В круге первом - Страница 73


К оглавлению

73

В сорок первом году они уже строили другую станцию. У Потапова была броня от армии. Но узнав, что ДнепроГЭС, творение их молодости, взорван, он сказал жене:

– Катя! А ведь надо идти.

И она ответила:

– Да, Андрюша, иди!

И Потапов пошел – в очках минус три диоптрии, с перекрученным поясом, в складчато-сморщенной гимнастерке и с кобурой пустой, хотя носил один кубик в петлице – на втором году хорошо подготовленной войны еще не хватало оружия для офицеров. Под Касторной, в дыму от горящей ржи и в июльском зное, он попал в плен. Из плена бежал, но, не добравшись до своих, второй раз попал. И убежал во второй раз, но в чистом поле на него опустился парашютный десант – и так попал он в третий раз.

Он прошел каннибальские лагеря Новоград-Волынска и Ченстохова, где ели кору с деревьев, траву и умер-ших товарищей. Из такого лагеря немцы вдруг взяли его и привезли в Берлин, и там человек ( «вежливый, но сволочь»), прекрасно говоривший по-русски, спросил, можно ли верить, что он тот самый днепростроевский инженер Потапов. Может ли он в доказательство начертить, ну скажем, схему включения тамошнего генератора?

Схема эта когда-то была распубликована, и Потапов, не колеблясь, начертил ее. Об этом он сам же потом и рассказал, мог и не рассказывать, на следствии.

Это и называлось в его деле – выдачей тайны ДнепроГЭСа.

Однако, в дело не было включено дальнейшее: неизвестный русский, удостоверив таким образом личность Потапова, предложил ему подписать добровольное изъявление готовности восстанавливать ДнепроГЭС – и тотчас получить освобождение из лагеря, продуктовые карточки, деньги и любимую работу.

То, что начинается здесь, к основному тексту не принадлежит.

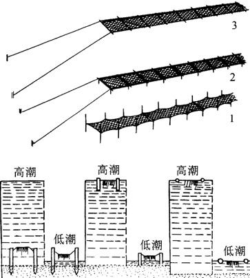 释义 | 紫菜叶状体的养殖 从紫菜网帘下海开始,紫菜的全人工采苗养殖就进入了叶状体养殖阶段。这一过程一般开始于9月中旬至10月中旬前后到翌年3~5月结束。 (一)养殖方式 在中国紫菜养殖方式有菜坛养殖、支柱式养殖、半浮动筏式养殖和全浮动筏式养殖(图6-19)。 1.菜坛养殖 中国福建利用自然海区岩礁生产紫菜,至少已有二三百年的历史。养殖的种类主要是坛紫菜。方法是在每年秋季自然界的紫菜壳孢子大量出现以前,先以机械清除或火把烧除等方法铲除潮间带岩礁表面上附生的各种海产动植物,再向岩礁上洒石灰水二三次以清除岩礁上的各种比较小的附着生物,为紫菜孢子的附着、萌发和生长准备好地盘。一般在最后一次洒石灰水之后不久,就可以在岩礁上长出许多紫菜苗。出苗还需继续进行护苗和管理,当紫菜长10~20厘米时,就可进行采收。 2.支柱式养殖 这种养殖方式是20世纪20年代出现于日本、朝鲜的紫菜人工养殖方式。其方法是在适当的潮间带滩涂上安设成排的木桩或竹桩作为支柱,将长方型的网帘按水平方向张挂到支柱上,进行紫菜的生产。最初编网帘的材料主要是棕绳和细竹条,最近绝大部分采用维尼龙等化学纤维编织网,在紫菜人工养殖事业十分发达的日本和朝鲜,至今仍是一种主要的紫菜养殖方式。中国北方也曾经在20世纪60年代进行过试养,并获得成功。自从出现半浮动筏式养殖法之后,潮间带的紫菜养殖方式,已全部采用半浮动筏式养殖。 3.半浮动筏式养殖 这种养殖方式,是中国福建省在1958年探索出来的。它的筏架结构兼有支柱式和全浮动筏式的特点,即整个筏架在潮涨时可以像全浮动筏式那样经常漂浮在水面上,当潮水退落到筏架露出水面时,它又可以借助短支腿像支柱式那样平衡地架立在海滩上(图6-19)。半浮动筏式和支柱式养殖一样,也是设在潮间带的一定潮位,网帘也是按水平方向张挂。由于网帘在低潮时能够干露,因而硅藻等杂藻类不易生长,对紫菜的早期出苗特别有利,而且生长期较长,紫菜质量好。由于网帘经常漂浮水面故能够接受更多的光照,紫菜生长也比较快。因此,在紫菜人工养殖上,已经被广泛地采用。 图6-19 紫菜三种养殖方式的示意图 上:养殖筏的设置 下:示网帘随潮次而变化的示意图 1.支柱式 2.半浮动式 3.全浮动式 4.全浮动筏式养殖 这种养殖方式适合不干露的浅海区养殖紫菜。在潮间带滩涂面积不大,或近岸受严重污染的地区,采用这种方式就可以把紫菜养殖向离岸较远处发展。它的筏架结构,除了缺少短支腿外,完全和半浮动筏架一样。试验和生产实践表明,对于紫菜叶状体养成是一种相当好的养殖方式。尤其在冬季有短期封冻的北方海区,还可以将全浮动筏架沉降到水面以下来度过冰冻期。全浮动筏式养殖的主要缺点是网帘不干露,这对于紫菜叶状体的健康生长和抑制杂藻的繁生都不利。尤其在网帘下海后的20~30天之内,适当的干露对出苗是非常必要的。因此,如果网帘的干露问题没有得到解决,用全浮动筏式进行紫菜育苗,常常得不到好的出苗效果。用全浮动筏进行叶状体的成菜期养殖,单产并不比半浮动筏式养殖的差。但全浮动筏养殖还存在着菜体容易老化、叶体上容易附生硅藻、产品质量较差、养殖期较短等问题,单产量也不及半浮动筏式养殖稳定。 (二)养殖海区的选择 1.海湾 坛紫菜是一种好浪性的紫菜种类,野生的藻体多见于靠外海风浪较大的岩礁上。因此,东北或东向海湾,坛紫菜生长快,产量高。在北方,条斑紫菜为了减少冬季风浪和流水等危害,一般选择比较温暖不易结冰的南向海湾为宜。 2.底质与坡度 底质与坡度对紫菜的生长影响不大,但与浮筏设置和管理的关系甚为密切。一般认为以泥砂底质或砂泥底质为宜。这样的底质,变动性一般不大,便于设置筏架和管理;凹凸不平的岩礁底质不适于养殖;软泥底质,因风浪的影响,海区浮泥太多,紫菜育苗及养成管理都比较困难。 坡度的大小,直接影响半浮动筏式养殖面积的利用和浮筏的安全,而对全浮动筏式养殖影响不大。坡度小而平坦的海滩,可养面积大,潮浪的逆涛(回浪)冲击力小,浮筏安全。 3.潮位 一般潮位高紫菜生长慢、产量低;潮位低紫菜生长快,但杂藻繁殖也快,这种潮位对紫菜育苗不利,同时对养殖期间的管理、收割也不便。因此,目前养殖区一般都选择在小潮干潮线附近的潮位上,大小潮平均干露1.5~5小时,凡是在这个潮位范围内,均可选作半浮动筏式养殖区,而在退潮时不能干露的广大浅海区,则是全浮动筏式养殖的适宜海区。一个好的港湾,常常可以同时具备两种方式所需要的养殖条件。 4.风浪与潮流 风浪对紫菜的生长是必不可少的条件,虽然较强的风浪对养殖器材的破坏性大,但不损坏养殖设施的风浪对紫菜养殖是有利的。紫菜生活中所需要的营养盐、氧气、二氧化碳等,都是由海水带来的,而海水中所不足的二氧化碳则主要是由空气中溶入,促进空气溶入的是风浪,由于风的作用而掀起的波浪,扩大了接触空气的水面积,空气的溶入量加大,而且风浪还促进了海水的流动与交换,带来丰富的营养盐。因此,养殖海区应该选在常有风浪的地方。 潮流对紫菜的生长也是不可缺少的条件。潮流畅通,能促使水质新鲜、紫菜的新陈代谢作用加快,养殖期延长;潮流缓慢,浮泥杂藻多,病菌繁殖快,紫菜生长缓慢,且易发病。因此,对于一个紫菜养

Над этим заманчивым подложенным ему листом тяжелая дума прошла по многоморщинному лицу робота. И не бия себя в грудь, и не выкрикивая гордых слов, никак не претендуя стать посмертно героем Советского Союза, – Потапов своим южным говорком скромно ответил:

– Вы ж понимаете, я ведь присягу подписывал. А если это подпишу – вроде противоречие, а?

Так мягко, не театрально, Потапов предпочел смерть благополучию.

– Что ж, я уважаю ваши убеждения, – ответил неизвестный русский и вернул Потапова в каннибальский лагерь.

Вот за это самое советский трибунал Потапова уже не судил и дал только десять лет.

Инженер Маркушев, наоборот, такое изъявление подписал и пошел работать к немцам – и ему тоже трибунал дал десять лет.

Это был почерк Сталина! – то слепородное уравнивание друзей и врагов, которое выделяло его изо всей человеческой истории!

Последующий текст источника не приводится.